How Do TMT Cases Differ from Standard Case Interviews?

 

TMT case interviews follow the same fundamental structure as standard consulting cases. You still need to clarify the objective, build a framework, analyze data, and deliver a recommendation. The difference is in the content, not the format. Here is how they compare:

 

Dimension

Standard Case Interview

TMT Case Interview

Industry focus

Any industry (retail, healthcare, etc.)

Technology, media, or telecom

Key metrics

Revenue, cost, margin, market share

ARPU, churn rate, CAC, CLV, DAU/MAU

Revenue models

Product sales, services

Subscriptions, advertising, freemium, licensing

Common case types

Profitability, market entry, M&A

Same types, but with TMT-specific context

Technical knowledge

Minimal

Helpful to know TMT terminology and business models

Framework approach

Standard frameworks apply

Standard frameworks plus TMT-specific factors like network effects and switching costs

 

The takeaway is that you do not need to be a telecom engineer or software developer to pass a TMT case. You do need to understand how TMT companies make money, what their biggest cost drivers are, and which metrics matter most. The analytical approach is the same. For a full breakdown of standard case solving techniques, read our case interview guide.

 

Which Consulting Firms Give TMT Case Interviews?

 

You can encounter a TMT case at almost any consulting firm, but some firms are much more likely to give them than others. TMT-specialized firms will give TMT cases in nearly every interview. Generalist strategy firms give TMT cases when the interviewer works in a TMT practice or when your resume signals technology or media experience.

 

Firm

TMT Focus

Case Format

TMT Case Likelihood

Altman Solon

TMT-only specialist

Interviewer-led

Nearly 100%

Cartesian

TMT-only specialist

Varies

Nearly 100%

Analysys Mason

Telecom and tech specialist

Varies

Very high

McKinsey

Large TMT practice

Interviewer-led

Moderate

BCG

Large TMT practice

Interviewer-led

Moderate

Bain

Large TMT practice

Mixed

Moderate

Accenture Strategy

Technology-heavy

Candidate-led

High

Deloitte

Large TMT practice

Candidate-led

Moderate

 

Altman Solon is the largest consulting firm exclusively focused on TMT. They have over 600 consultants globally and their cases almost always involve a tech, media, or telecom client. According to their interview guide, Altman Solon uses both interviewer-led and candidate-led formats, with each case lasting 30 to 45 minutes.

 

What TMT Industry Knowledge Do You Need?

 

You do not need deep technical expertise to pass a TMT case interview. What you do need is a working understanding of how TMT companies make money, what drives their costs, and which business models dominate each sector. In my experience at Bain, candidates who understood the basics of recurring revenue models and could talk about churn and ARPU without hesitation performed significantly better on TMT cases.

 

Key Technology Concepts

 

Technology cases revolve around a few recurring themes.

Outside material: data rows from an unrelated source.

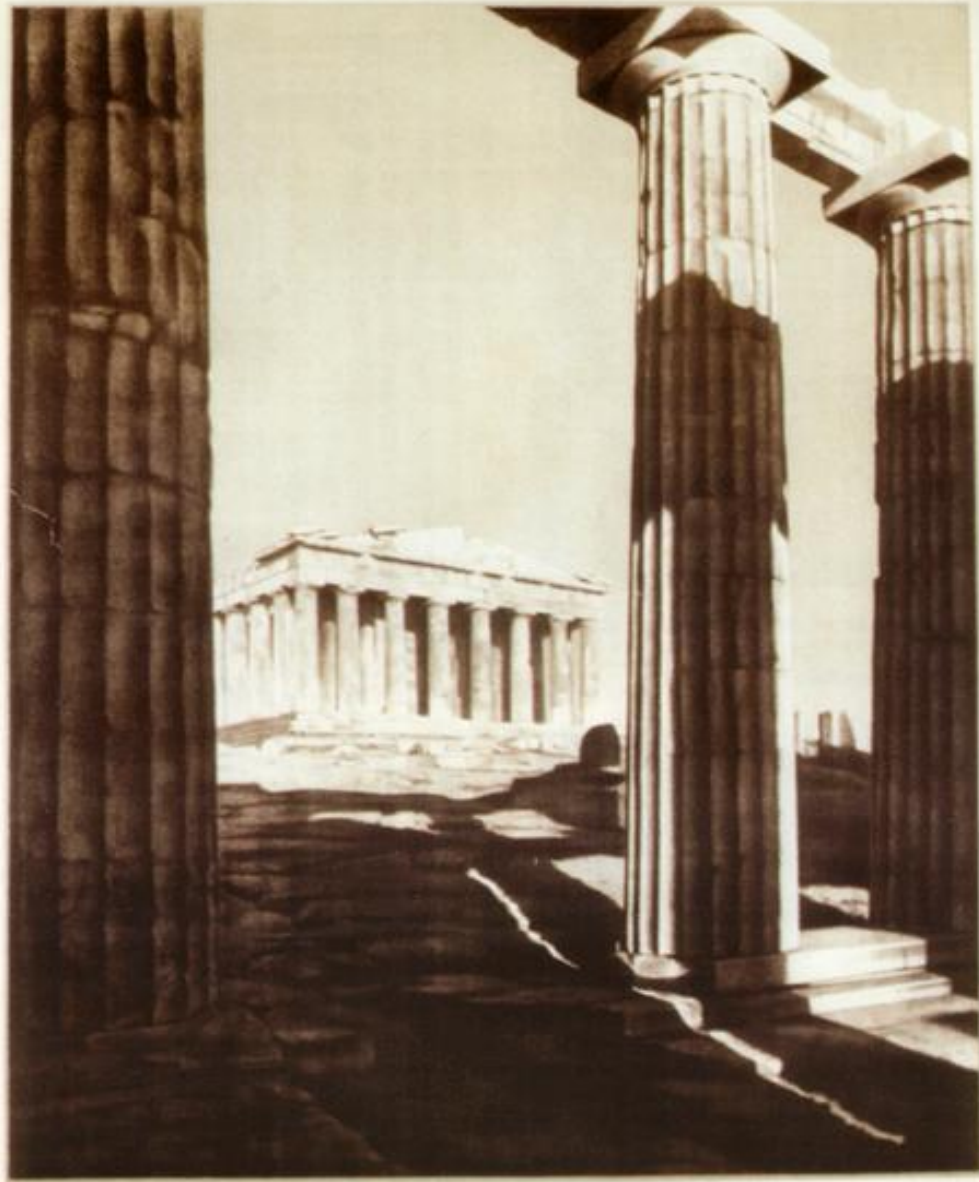
Athènes: Le Parthénon
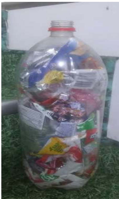
Ilustración 7. Ejemplo Ecoladrillo.
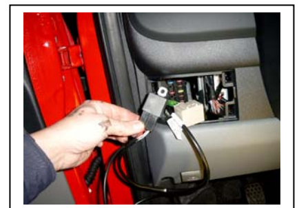
Neues Blinkrelais auf die andere Seite des Kabelbaumes aufstecken
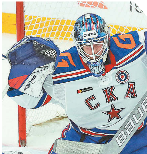
Александр Федоров «СЭ» / Canon EOS-1DX Mark II
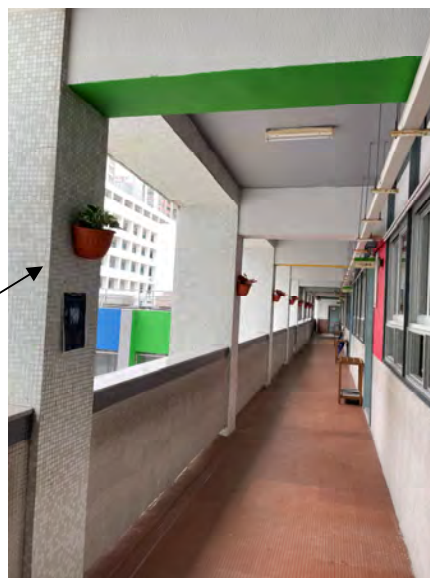
o. 樓層走廊掛牆盆栽(1-6 樓)
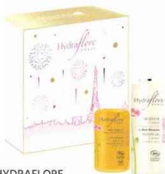
HYDRAFLORE Coffret rituel réconfortant Rose Caresse 35 € Huile de beauté visage, corps et cheveux (100 ml) Gel douche confort (200 ml) www.laboratoires-roig.com
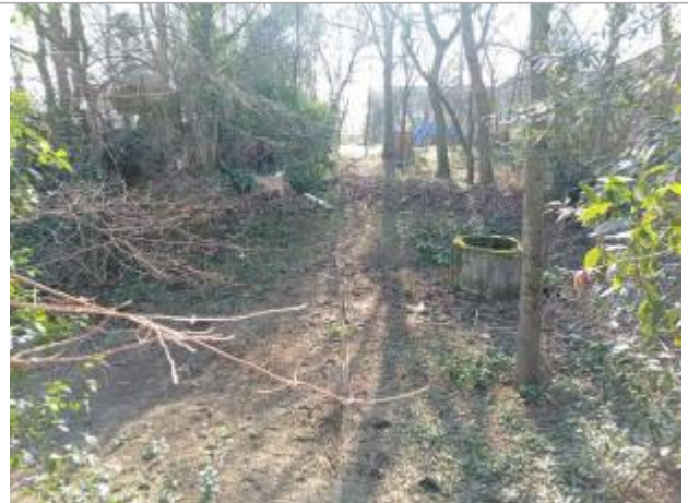
Débris de végétaux

Coordonnées WGS84 : X: 1.40481880 / Y: 43.61325650
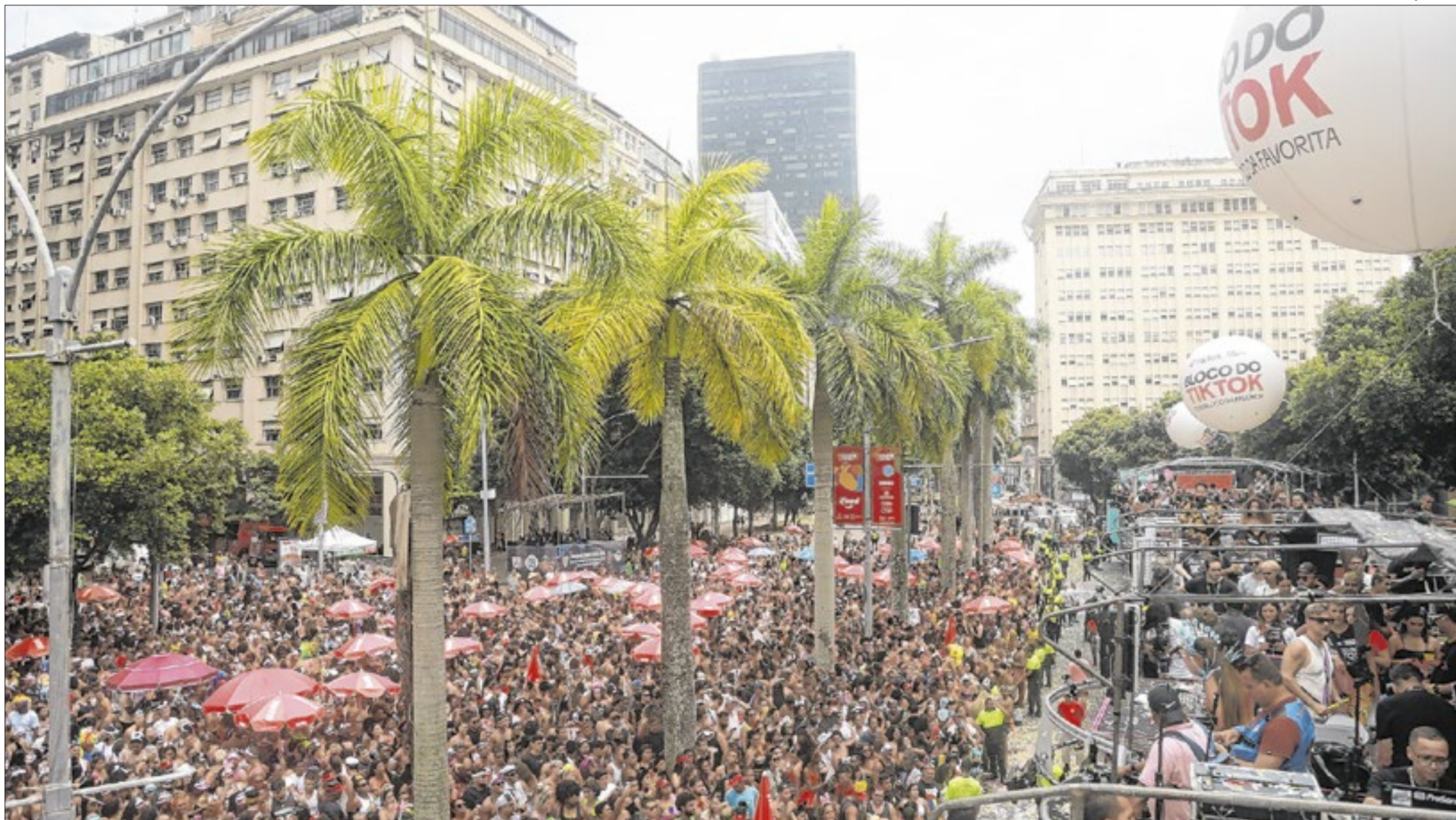
Bloco da Favorita, no Circuito Mega Bloco, deve arrastar multidão neste sábado de pré-carnaval, no Centro do Rio
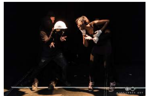
Atelier Théâtre Noir, Tréteaux du Maroni 2014

Lors de la première promotion, une stagiaire comédienne a été distribuée dans le court métrage « Révélation Intimes » réalisé par Cédric Ross, et deux stagiaires techniciens ont été régisseurs lumière et son pour le journal télévisé mis en place par AVM dans le cadre du Festival les Cultures Urbaines.
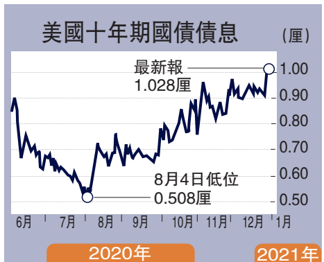
美國十年期國債孳息 (厘)

SaaS (Software as a Service) companies sell software on a subscription basis, and their key challenge is balancing customer acquisition cost against lifetime value. Cloud computing cases often involve pricing strategies, capacity planning, or migration decisions. Consumer tech cases frequently test market entry or competitive positioning.

 

Important concepts to know:

 

  • Network effects: A product becomes more valuable as more people use it. Social media platforms and marketplaces are classic examples. A case might ask you to evaluate how strong a company's network effects are and whether a new entrant can overcome them.

 

  • Switching costs: The cost or effort a customer faces when moving to a competitor. Enterprise software companies have high switching costs because migrating data and retraining employees is expensive.

 

  • Freemium model: A pricing strategy where the basic product is free but premium features cost money. Roughly 2% to 5% of freemium users typically convert to paid plans, according to industry benchmarks.

 

  • Platform economics: Two-sided platforms (like app stores or ride-sharing) connect buyers and sellers. Cases often involve optimizing the balance between supply and demand on both sides.

 

Key Media Concepts

 

Media cases tend to focus on content strategy, advertising revenue, and the shift from traditional to digital distribution. The streaming wars have made this sector a frequent case topic. According to industry data, global streaming revenue surpassed $100 billion in 2024 and continues to grow at roughly 10% annually.

 

Important concepts to know:

 

  • Ad-supported vs. subscription models: Some media companies monetize through advertising (like free streaming tiers), while others charge a monthly subscription. Many now offer both. A case might ask you to evaluate which model is more profitable.

 

  • Content economics: Original content production is expensive. A single season of a high-end streaming show can cost $100 million or more. Cases may ask you to evaluate whether investing in original content generates positive ROI.

 

  • CPM (Cost Per Mille): The price an advertiser pays per 1,000 ad impressions. Digital CPMs vary widely, from $2 to $3 for display ads to $20 or more for premium video placements.

 

  • DAU/MAU ratio: Daily active users divided by monthly active users. This measures engagement stickiness. A DAU/MAU ratio above 50% is considered very strong. Social media platforms and gaming companies track this closely.

 

Key Telecom Concepts

 

Telecom cases are common at both specialized and generalist firms. Telecom companies operate subscription-based business models with high fixed costs (building and maintaining networks) and low variable costs per additional customer. This cost structure means maximizing subscribers and ARPU is critical. For a deeper dive into telecom-specific preparation, check out our telecom case interview guide.

 

Important concepts to know:

 

  • 5G and infrastructure investment: Major carriers have invested hundreds of billions of dollars in 5G rollout. Cases may involve evaluating the return on infrastructure investments or deciding where to deploy network upgrades first.

 

  • Bundling strategies: Many telecom companies bundle internet, TV, and mobile services (called triple play or quad play) to increase ARPU and reduce churn.

 

  • Spectrum auctions: Wireless carriers bid for radio frequency spectrum from governments. Spectrum is a finite resource, and the cost of acquiring it can reach tens of billions of dollars.

 

  • Fixed vs. mobile: Telecom companies often operate both fixed-line (broadband, fiber) and mobile (wireless) networks. Cases may involve evaluating which segment to prioritize for investment.

 

TMT Metrics Cheat Sheet

 

The following metrics come up frequently in TMT case interviews. Knowing their definitions and why they matter will save you valuable time during the case and signal to the interviewer that you understand the industry.

 

Metric

Definition

Why It Matters in Cases

ARPU

Average Revenue Per User. Total revenue divided by total subscribers.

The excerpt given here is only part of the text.